Pickley reluctant to jazz up the classics
Published 11:58 pm Thursday, December 20, 2007
By By JOHN EBY / Cassopolis Vigilant
DOWAGIAC – Pianist Jim Pickley jazzes up Christmas music, but he balks at treating the classics similarly.
"I don't like to mess with the classics," Pickley admitted to Dowagiac Rotary Club last Thursday at Elks Lodge 889, proceeding to play "Greensleeves" like the classically-trained musician with bachelor's and master's piano performance degrees from Indiana University Bloomington that the Elkhart High School graduate is.
Mixing Beethoven and disco strikes him as "disrespectful."
Pickley, a former Edwardsburg resident who now lives in Mishawaka, Ind., is a frequent performing presence in Dowagiac, whether it's at Southwestern Michigan College, Wood Fire or, Nov. 4, at the middle school Performing Arts Center for the "Still Swingin' at 95" gala with saxophonist Franz Jackson.
"That's the great thing about jazz if you're a competent player," he said. "I saw most of those people onstage for the first time."
Although "it's not all free form up there," he said, illustrating with a tale out of school about one of the "nervous" female vocalists wanting to perform in a different key than the one "it's always done in." The bass player suggested, "Let's just do it in F."
At the bridge in the middle of the song, Pickley changed keys.
"It was a jam session basically," he said. "The singer sings," then the horn players trade solos. "After one guy did a solo, she came back in again. And again. When we tried to end it, she wouldn't end it. We just looked at each other, but it was a privilege and a lot of fun. I love some of the old drummers, who look like they could hardly move" – until they slide in behind their drumsets and the energy level jumps.
Pickley recalled a Count Basie tribute he played in Elkhart where "the average age of the guys was deceased. They were all in their 80s and 90s. Applause lasted forever. We finally got tired of clapping because they were still (shuffling onto the stage)."
But once they reached their places, "It was an hour of magic. That's how it is with Franz. When he's up there he's amazing. I talked to the other piano player afterwards and we were both tired.

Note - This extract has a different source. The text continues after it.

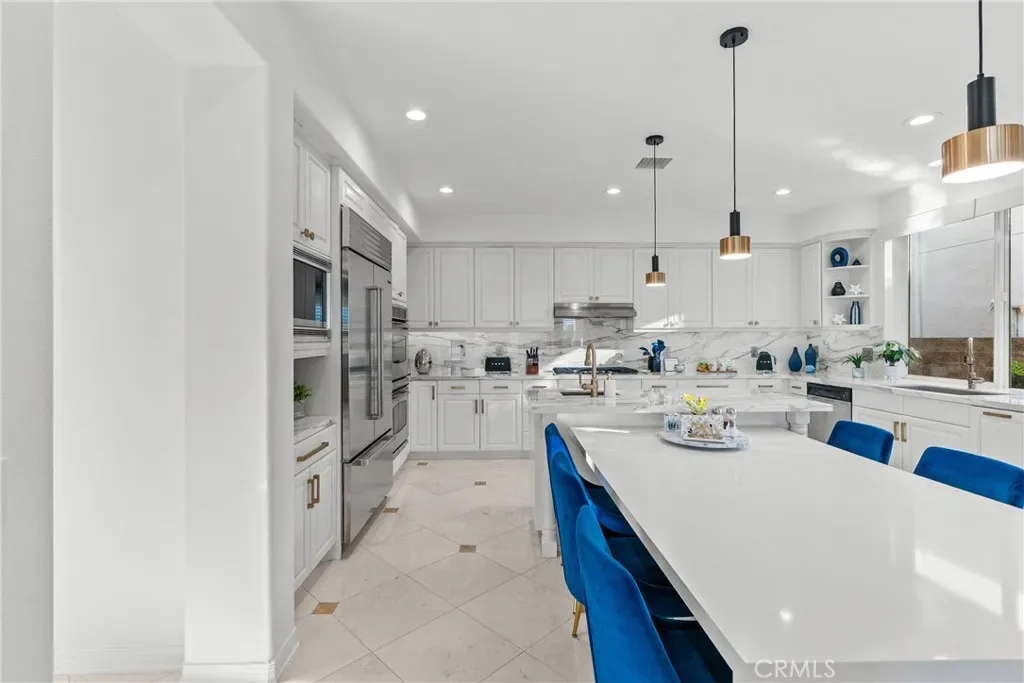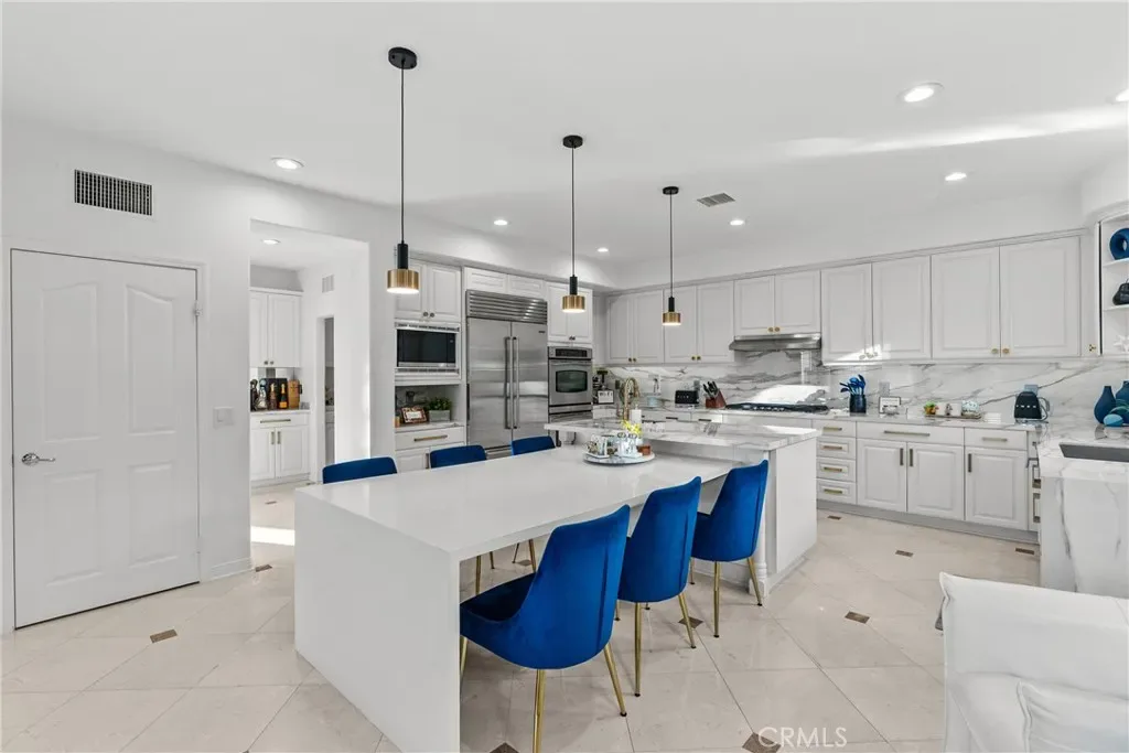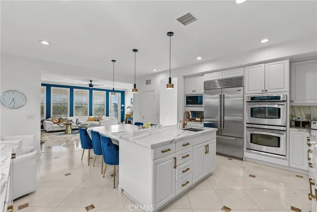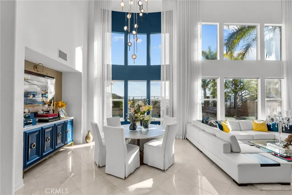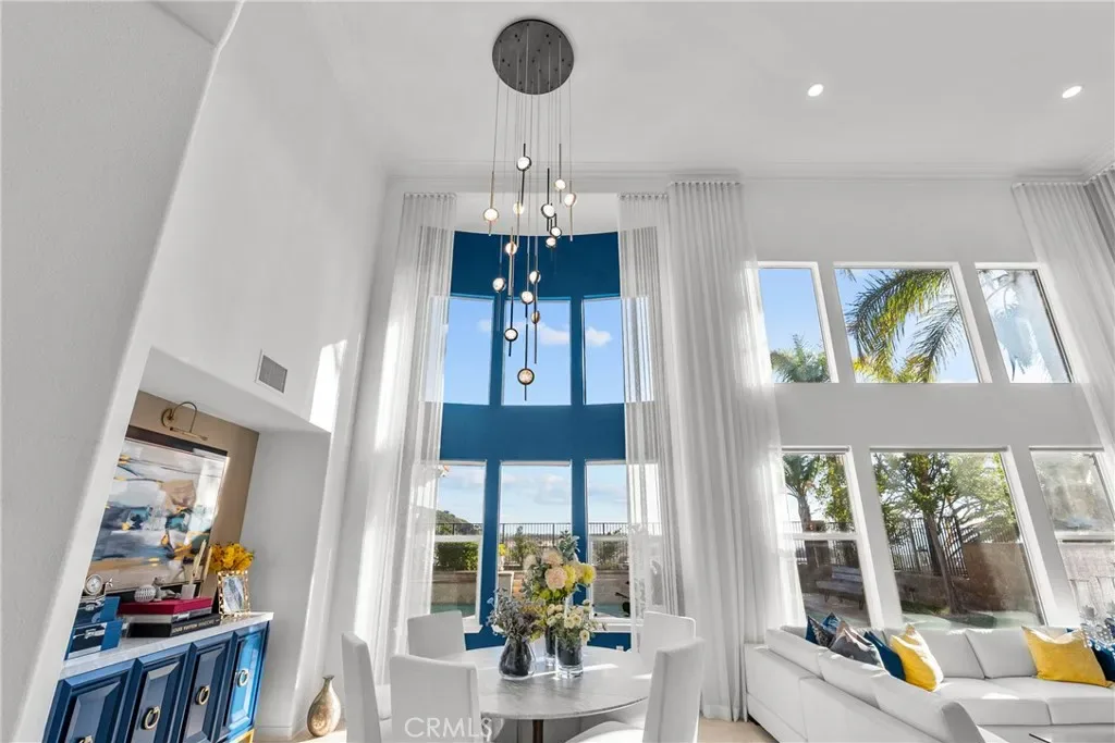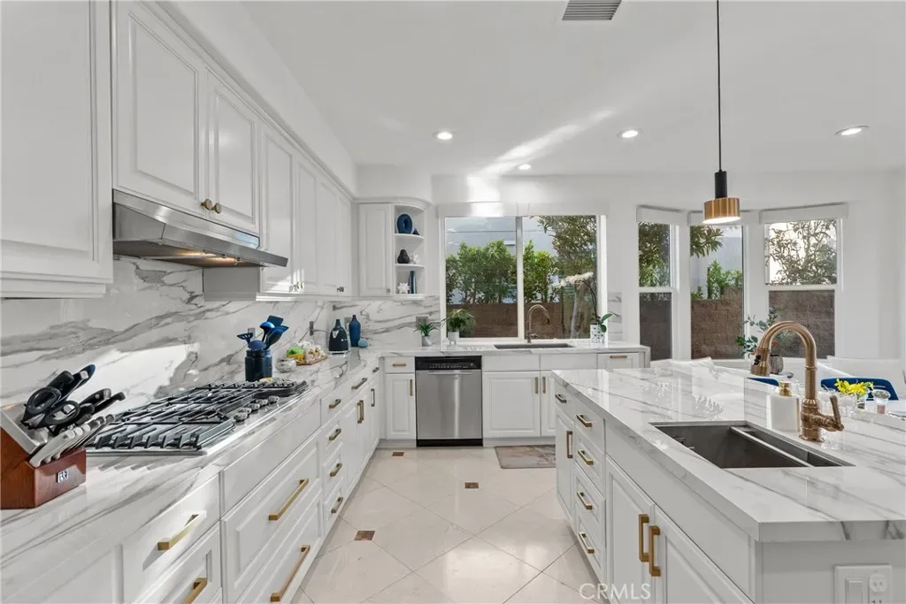 Upon entry, soaring ceilings and abundant natural light showcase the home’s open and airy layout. The interior features a sophisticated transitional design with extensive recent upgrades, contemporary lighting, and carefully curated details that create a modern yet timeless feel. The gourmet kitchen opens seamlessly to the spacious family room and living areas, offering the perfect setting for both everyday living and effortless entertaining.

But Franz was up there the whole time" and is known for finishing strong.
Pickley was a band leader for five years on various cruise ships and has performed with Clark Terry, Wynton Marsalis, Bill Watrous and Ed Shaughnessy.
He leads his own trio, solos with the Elkhart Symphony, serves as music director at Our Lady of the Lake Catholic Church in Edwardsburg and has been hired as a jazz musician by the Methodist Church in South Bend, so "Christmas time has been fun."

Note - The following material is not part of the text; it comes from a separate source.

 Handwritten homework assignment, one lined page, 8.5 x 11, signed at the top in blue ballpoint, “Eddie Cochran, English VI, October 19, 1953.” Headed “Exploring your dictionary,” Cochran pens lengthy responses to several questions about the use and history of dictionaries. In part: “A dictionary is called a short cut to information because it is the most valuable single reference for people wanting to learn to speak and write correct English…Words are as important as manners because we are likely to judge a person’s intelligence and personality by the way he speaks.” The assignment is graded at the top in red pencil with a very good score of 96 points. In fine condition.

Besides playing at the Wood Fire Italian Trattoria with his trio or with Jackson, he also performs at Club LaSalle in South Bend and at the Bent Oak in Elkhart.
Pickley opened with a medley of tunes composed by Grammy Award-winning jazz pianist Vince Guaraldi (1928-1976) from San Francisco, including "Linus and Lucy." You know them as the soundtrack to 1965's "A Charlie Brown Christmas."

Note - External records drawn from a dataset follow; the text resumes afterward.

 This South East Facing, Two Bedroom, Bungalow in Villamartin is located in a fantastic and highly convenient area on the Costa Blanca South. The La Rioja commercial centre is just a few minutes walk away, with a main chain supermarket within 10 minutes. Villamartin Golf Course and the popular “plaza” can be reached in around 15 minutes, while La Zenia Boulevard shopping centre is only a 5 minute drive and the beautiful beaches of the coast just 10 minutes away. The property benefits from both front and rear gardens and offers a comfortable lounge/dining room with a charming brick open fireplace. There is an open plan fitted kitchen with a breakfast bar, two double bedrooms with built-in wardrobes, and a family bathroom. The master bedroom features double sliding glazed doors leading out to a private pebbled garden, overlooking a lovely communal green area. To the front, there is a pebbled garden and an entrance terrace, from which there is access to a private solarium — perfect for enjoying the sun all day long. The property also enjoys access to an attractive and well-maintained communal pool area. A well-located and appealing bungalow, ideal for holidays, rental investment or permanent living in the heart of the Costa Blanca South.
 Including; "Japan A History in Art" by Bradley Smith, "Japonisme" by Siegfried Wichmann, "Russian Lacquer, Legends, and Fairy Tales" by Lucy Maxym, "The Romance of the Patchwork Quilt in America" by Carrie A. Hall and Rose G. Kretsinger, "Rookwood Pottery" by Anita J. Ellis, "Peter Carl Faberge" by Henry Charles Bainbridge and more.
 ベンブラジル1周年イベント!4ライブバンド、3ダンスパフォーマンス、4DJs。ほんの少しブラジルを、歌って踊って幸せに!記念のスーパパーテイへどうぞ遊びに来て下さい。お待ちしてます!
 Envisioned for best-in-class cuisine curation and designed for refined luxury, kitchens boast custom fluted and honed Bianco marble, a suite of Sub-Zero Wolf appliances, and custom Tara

Pickley began playing at 7 on a piano his parents purchased for his older brother.
For his final number, "Frosty the Snowman," requested by City Clerk Jim Snow, Pickley jazzed it up to make the top-hatted character "hip."
Likewise, he jazzed up "O Come All Ye Faithful" and "Silent Night."
"Silent Night," Pickley adjusts his keyboard so his piano sounds like a guitar, then gives himself some samba percussion.
"Silent Night in Rio," he pronounces the final product, continuing on with "Santa Claus is Coming to Town" as Thelonious Monk might render it.
"White Christmas" he imagines in a Jamaican vein. If someone was not in a warm, southern clime, why else would they be fantasizing about snow? he figures.
Pickley's spare patter between songs referenced Victor Borge, which seemed appropriate because like the Danish piano prodigy who passed away in 2000, Pickley has a quick sense of humor, as Judge Herbert Phillipson quickly learned.
Phillipson wondered aloud if Pickley might play "The Victors," his alma mater the University of MIchigan's fight song.
Pickley quickly complied, except, ever the IU graduate, he slyly substituted a speeded-up snatch of the music that starts Warners Brothers cartoons.
Phillipson came back just as quickly, reminding the Hoosier that "The Victors" was written by Elgard of South Bend.
When asked how long he's been playing, Pickley checks his watch.
His mother, 89, "plays a little bit," Pickley said. "I think she knows seven songs and plays them every day." His grandfather, a Disney animator, worked on "Fantasia."
Pickley's electric piano has but one foot pedal, compared to three on a grand piano. "As long as you hold a note, it rings," he demonstrated. "The left is called the soft pedal. On a grand, the hammer hits three strings. If you hit the pedal on the left, the keyboard moves over just a little bit so it only hits two strings. And as Victor Borge says, the middle pedal separates the other two. The middle pedal is hard to explain."
And no, he doesn't have any CDs for sale. "I'm working on that," he said.